What happens if an AI is only allowed to speak using the evidence we give it?

No external knowledge. No retrieval. No web access. No prior context.

Just evidence in, claim out.

🧪 Experimental Design

For each FEVEROUS sample, we extracted the annotated evidence text and asked the AI to synthesize a single declarative claim that was strictly grounded in that evidence.

The model was instructed to:

• summarize or restate what the evidence supports,
• avoid speculation or extrapolation,
• remain concise and factual.

Importantly, the AI was not shown the original FEVEROUS claim. It was operating blind its task was synthesis, not reconstruction.

Each generated claim was then passed through the Wikipedia Gate under all three editorial policies:

• editorial
• standard
• strict

No tuning, retries, or post-processing were applied.

📊 Results

The results were striking.

Under editorial and standard policies, the vast majority of AI-generated claims were accepted or marked as unclear rather than rejected outright.

Under strict policy, nearly all claims were rejected.

At first glance, this looked suspicious.

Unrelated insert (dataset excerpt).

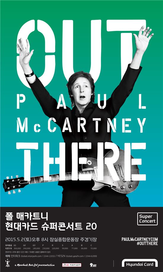 '현대카드 슈퍼콘서트 20 폴 매카트니(Paul McCartney)'는 2013년 브라질을 시작으로 18개월 동안 북미와 남미, 유럽 12개 나라에서 성황리에 펼쳐졌던 'Out There' 투어의 일환이다. 이 월드투어에서 폴 매카트니는 비틀즈와 윙스 시절의 히트곡부터 최신 앨범 '[New]' 수록곡까지 다양한 곡들을 선보였고, 200만명(총 64회)에 달하는 관객들이 공연의 감동을 나누었다. 이번 슈퍼콘서트 역시 폴 매카트니의 50년 음악 일대기를 한 곳에서 경험할 수 있는 국내 최초이자, 최고의 기회가 될 것으로 보인다.

If AI hallucination is such a serious problem, why wasn’t it showing up here?

✅ Why These Results Are Not a Red Flag

OK I need to get something that showsThe apparent ‘success’ of the AI in this experiment is evidence that stochasticity had not yet been allowed to matter.

It is evidence that the experiment was correctly constrained.

FEVEROUS evidence is already Wikipedia-grounded. The language is encyclopedic. The scope is narrow. When an AI is asked to restate or compress that material, it is operating in a low-risk epistemic environment.

In other words: we didn’t give the model enough room to fail.

This is not a flaw in the experiment it is a necessary baseline.

Before we can study how AI breaks institutional rules, we need to confirm that:

• the gate does not reject valid claims arbitrarily,
• the policies behave as expected,
• and the AI does not hallucinate by default when constrained.

This experiment establishes exactly that.

⚡ The First Tension Emerges

The strict policy results, however, already reveal something important.

Even when claims are:

• synthesized directly from evidence,
• semantically faithful,
• and editorially acceptable,

they are rejected under strict policy with warnings such as:

“CITATION LAUNDERING DETECTED: wikipedia.strict requires primary sources.”

This is not a semantic failure. It is a provenance failure.

The AI is reasoning in semantic space. Wikipedia is enforcing documentary lineage.

The same claim can be acceptable or unacceptable depending solely on which policy is active.

This is the first clear signal that verifiability is policy-relative, not truth-absolute.

🎯 What This Experiment Proves and What It Does Not

This experiment does not prove that AI is reliable.

It proves something narrower and more important:

• the gate works,
• the policies are meaningful,
• and AI behavior changes only when epistemic risk is introduced.

With that baseline established, we can now do the real work.

In the next section, we deliberately push the system out of this safe zone by allowing the AI to compress, generalize, and drift.

That is where hallucination stops being theoretical and starts becoming measurable.

🎯 Introducing Epistemic Risk: When Synthesis Becomes Reasoning

The first experiment established a calm baseline: when an AI is tightly constrained to restate Wikipedia-grounded evidence, it behaves predictably and safely.

But this is not how AI systems are used in practice.

Real deployments do not ask models to merely restate source material. They ask them to:

• summarize across multiple passages,
• compress nuanced descriptions into single claims,
• generalize from examples,
• infer implications,
• and speak with confidence under ambiguity.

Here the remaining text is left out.